The power of Generative AI (GenAI) is a no-brainer. As you are well aware by this point, releasing GenAI to your workforce can have all sorts of benefits. From faster strategic decision-making, the ability to analyze data to detect patterns, accelerating workflows through the automation routine processes, and enhancing forecasting by continuously reviewing sales data, economic indicators, and market signals to helping people jump-start new projects or tasks. The use cases are limitless.
But so are the GenAI challenges. The main challenges revolve around privacy, security, and regulations.
Let’s step back and understand why these can be a thorn in your organizational side. You may be thinking, well, we use traditional AI apps in the cloud and understand our risks. Well, GenAI apps are different.
The TLDR response for those that want to skip the explanation paragraph.
GenAI thinks, and produces creative & unique results.
These creative results are heavily influenced by the way the questions are asked on a case by case basis. Because of this, GenAI companies need to analyze your data to see if it’s doing what they expect it to.
Traditional AI applications are designed to perform specific narrow tasks, like recommending products or identifying objects, using limited data inputs. In contrast, GenAI is an artificial general intelligence assistant intended to help users comprehensively across many domains of knowledge and abilities. GenAI needs more extensive and complex data access and processing capabilities to achieve this. It reasons across its knowledge using neural networks and symbolic AI to deduce connections, patterns, and insights tailored to individual users’ preferences and goals (basically, it thinks.) As it thinks it can respond with a plethora of different answers. These different answers can either be exactly what a user is looking for, a hallucination, or worse, something that can harm someone. There’s a recent example of To continuously make cloud based GenAI products better a majority of cloud app provides use your data to understand how things are answered in order to improve their service. To do this in a majority of cases another human is reading all your questions and responses. Though anonymized not to know personal identifiable information the human would still have access to confidential information.
Because of the need to analyze conversations to improve their service offering cloud based AI apps need to include language in their terms of service that allow them to legally do this. So you end up with examples like this taken from section 5 of a popular cloud GenAI app through Zoom that listens to an entire meeting in order to keep your organizations meeting notes and summarize them, company “By providing User Content, you grant us a worldwide, non-exclusive, royalty-free, fully paid, perpetual right and license (with the right to sublicense) to host, store, transfer, display, reproduce, modify for the purpose of formatting for display, and distribute your User Content to provide and improve the Service.”
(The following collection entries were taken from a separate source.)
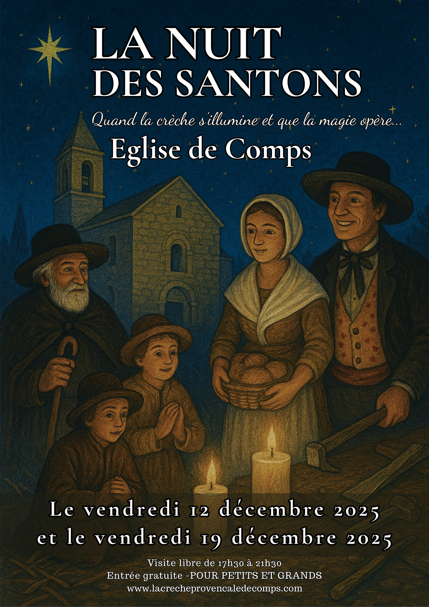 Dès la fin Novembre, c’est dans l’église de Comps que le mystère de Noël prend forme. La grande crèche de Noël de Romain Rodriguez se mêle à la tradition provençale, où l’histoire d’une naissance associée à la féerie de Noël va vous émerveiller.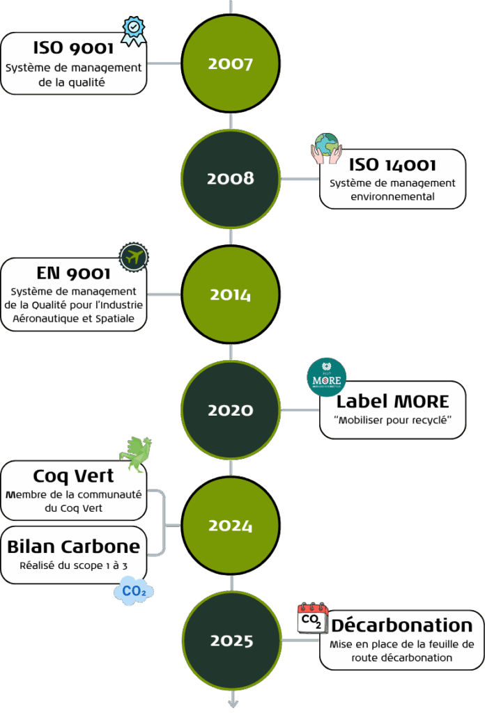 L’entreprise est certifiée ISO 9001 depuis 2007, ISO 14001 depuis 2008, EN 9100 depuis 2014 et obtient le label MORE en 2020. Une reconnaissance qui révèle la qualité de son savoir-faire : conformité des pièces, sécurité des délais, optimisation de la productivité, anticipation de la montée en charge, performance environnementale…
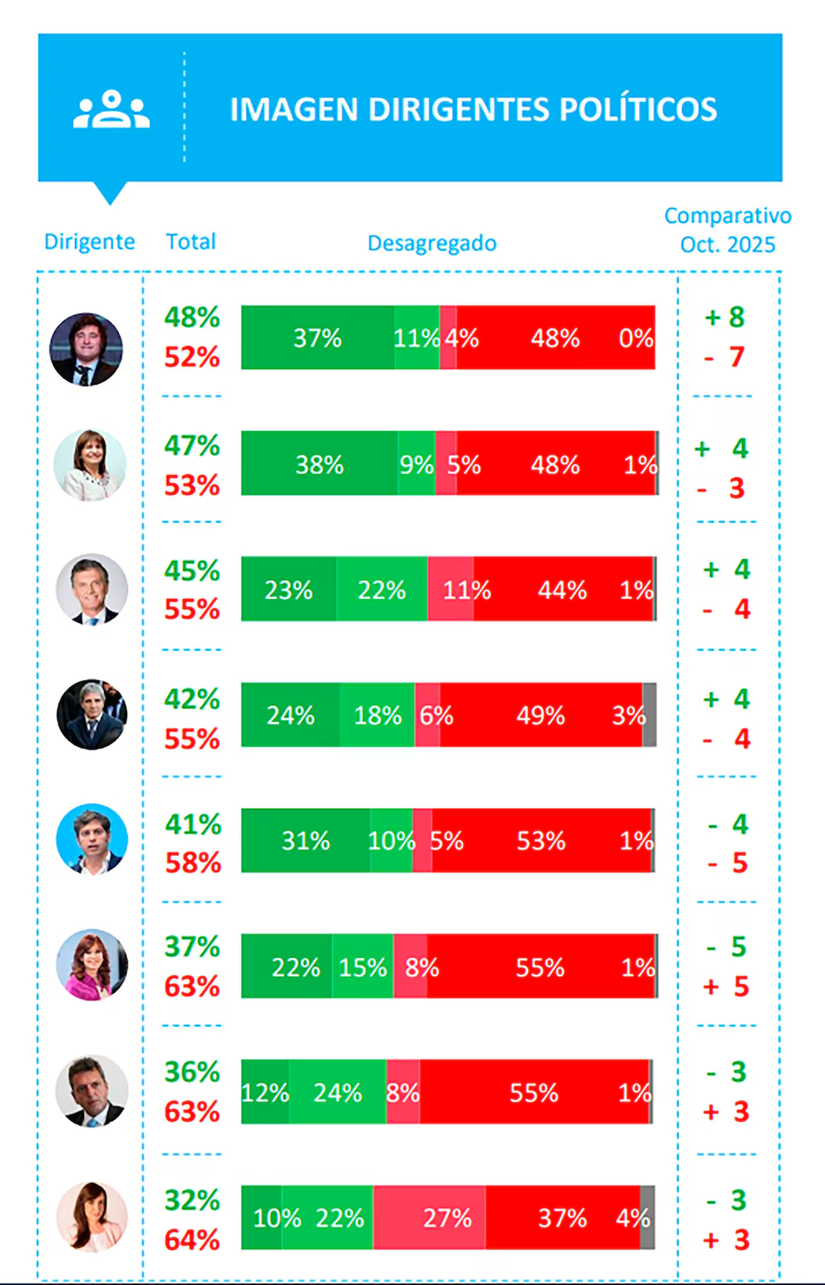 Luego vienen Mauricio Macri (45% y 55%), el ministro de Economía Luis Caputo (42% y 55%), Axel Kicillof (41% y 58%), Cristina Kirchner (37% y 63%), Sergio Massa (36% y 63%) y Victoria Villarruel (32% y 64%).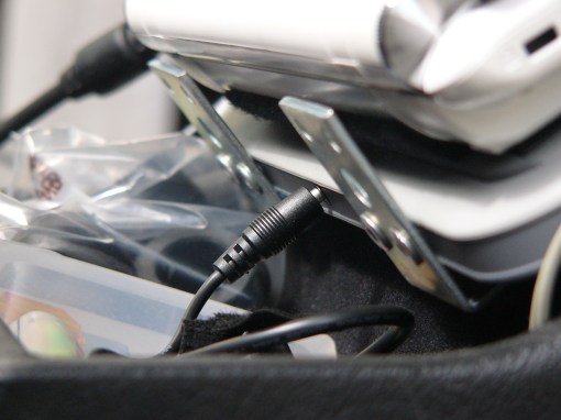 Volendo il pc è già utilizzabile così, il monitor aperto non dà fastidio nei cambi marcia e la batteria è sufficiente per una mezza giornata o più di viaggio, ma ovviamente per un uso “serio” occorre collegarlo alle varie periferiche: l’alimentazione, il cavo usb, il cavo vga per il monitor esterno, l’uscita per la presa AUX dell’autoradio, inoltre in caso di climi caldi si può alimentare anche il dissipatore di calore tramite il cavetto apposito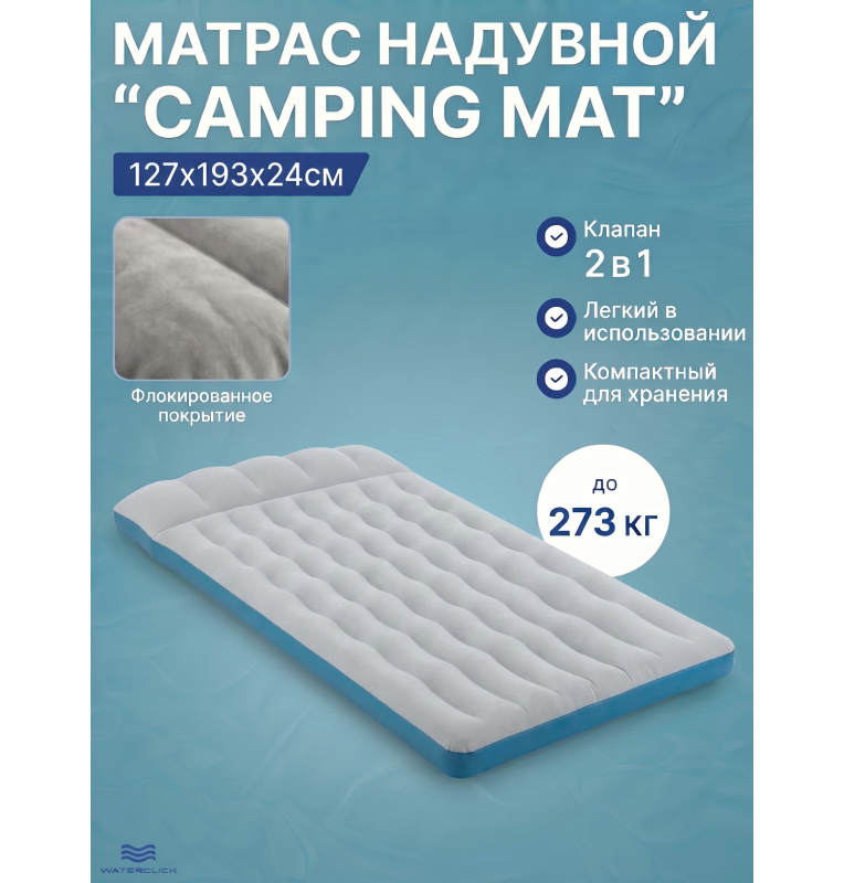 Двухместный надувной матрас Intex 67999 Camping Mat (размер 127×193×24 см) — универсальное решение для веселых поездок, кемпинга, дачного отдыха, путешествий и размещения гостей дома. Увеличенная ширина и прочная конструкция выдерживают до 273 кг, а высота матраса (24 см) обеспечивает комфортный сон на любой поверхности, даже на жёсткой земле или на полу.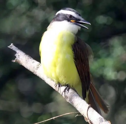 The great kiskadee is a large member of the flycatcher family. It is 9-10 inches (22.9-25.4 cm) in length with a wingspan of around 14 inches (35.6 cm).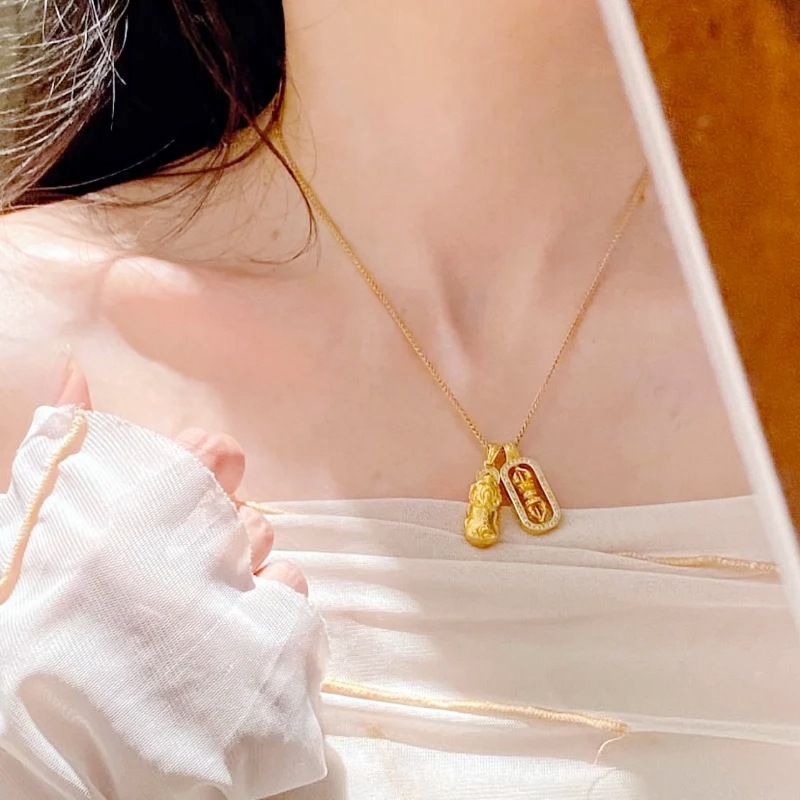 Temperament: Accessible luxury weixue's same high-quality pixiu vajra necklace for men and women's sand gold high color-preserving magma pestle full diamond pendant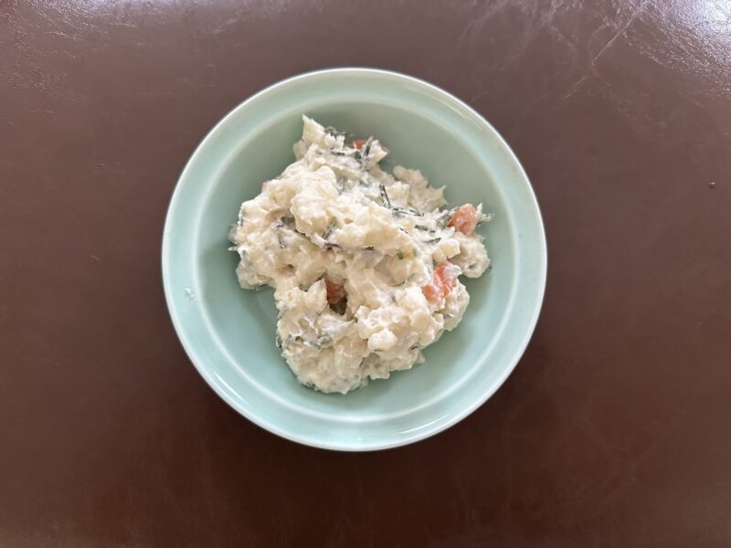 もっと簡単にローズマリーを食べられる方法はないか?とネットで検索したところ、ポテトサラダに生のローズマリーを入れたものを発見。
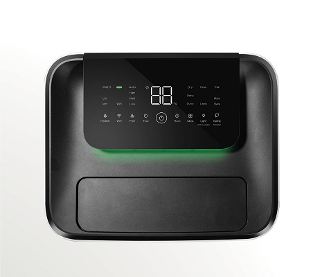 Сенсорна панель з інформативним дисплеєм та індикаторами вологості, режимів, таймера, Wi-Fi, іонізації, забруднення повітря й переповнення місткості. Є підсвітка, блокування від дітей і регулювання повороту дефлектора.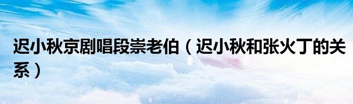 导读 大家好,今天小六子来为大家解答以下的问题,关于迟小秋京剧唱段崇老伯,迟小秋和张火丁的关系这个很多人还不知道,现在让我们一起来看看吧

From a third-party access perspective, you also need to consider how they process your data. This report from the Times, shows that if your organization is using ChatGPT, your data is being processed by workers making 2$ an hour in Kenya.
Perhaps we can trust the items that are not explicitly stated and say these organizations have best practices in place to vet every human that processes “User Content” for product improvement.
With that aside every organization should consider the following before rolling out this innovative technology.
What is your organizational impact from a privacy standpoint:
Data collection – any cloud-based GenAI app will have access to a significant amount of your organizational data, including personal, location, preferences, schedules, etc., but more importantly, every conversation anyone has had with said cloud-based AI apps. Do they collect every piece of data, or is it randomly sampled?
Data usage & Third-party access – What are the limitations on how the cloud-based GenAI app uses, analyzes, or shares user data? Do they allow third-party access to your data? Can you opt out of sharing?
Data storage & retention – How does the cloud-based GenAI provider store all of your organizational data? Do they encrypt the data at rest, who has access to the key stores, who has access to their data centers, and how long do they keep your data stored?
From a cybersecurity perspective, here are some things to consider:
Account Hijacking – If someone gains access to a user’s account, they could exploit all the conversations and or data ever processed. Will you be alerted if a third party is hacked?
Eavesdropping – Intercepting audio commands or conversations with cloud-based GenAI apps could expose private information. Do they implement End-to-end encryption? Where is homomorphic encryption on their roadmap?
Insider threats – What is the cloud-based GenAI apps policy regarding the identification and removal of rogue employees both in-house and through their outsourced providers?
Finally, here are some things to consider from a compliance standpoint:
Regulatory compliance – Does the cloud-based GenAI app adhere to GDPR, CCPA, HIPAA… practices?
Transparency mandates – Laws may require disclosures around the cloud-based GenAI app’s data practices, algorithmic accountability, and use of sensitive personal data. Does this open your organization up to unknown agency audits?
Intellectual property laws – GenAI conversations and content generation could implicate copyright and fair use laws. Proper licensing and attribution are necessary. Does the cloud-based GenAI app grant you this ownership?
When considering leveraging cloud-based GenAI apps, all of these items and more must be considered to protect your organization’s future. This may seem daunting, but there are answers, and the future will be dominated by those who leverage this technology. It’s just a case of how to set yourself up for success.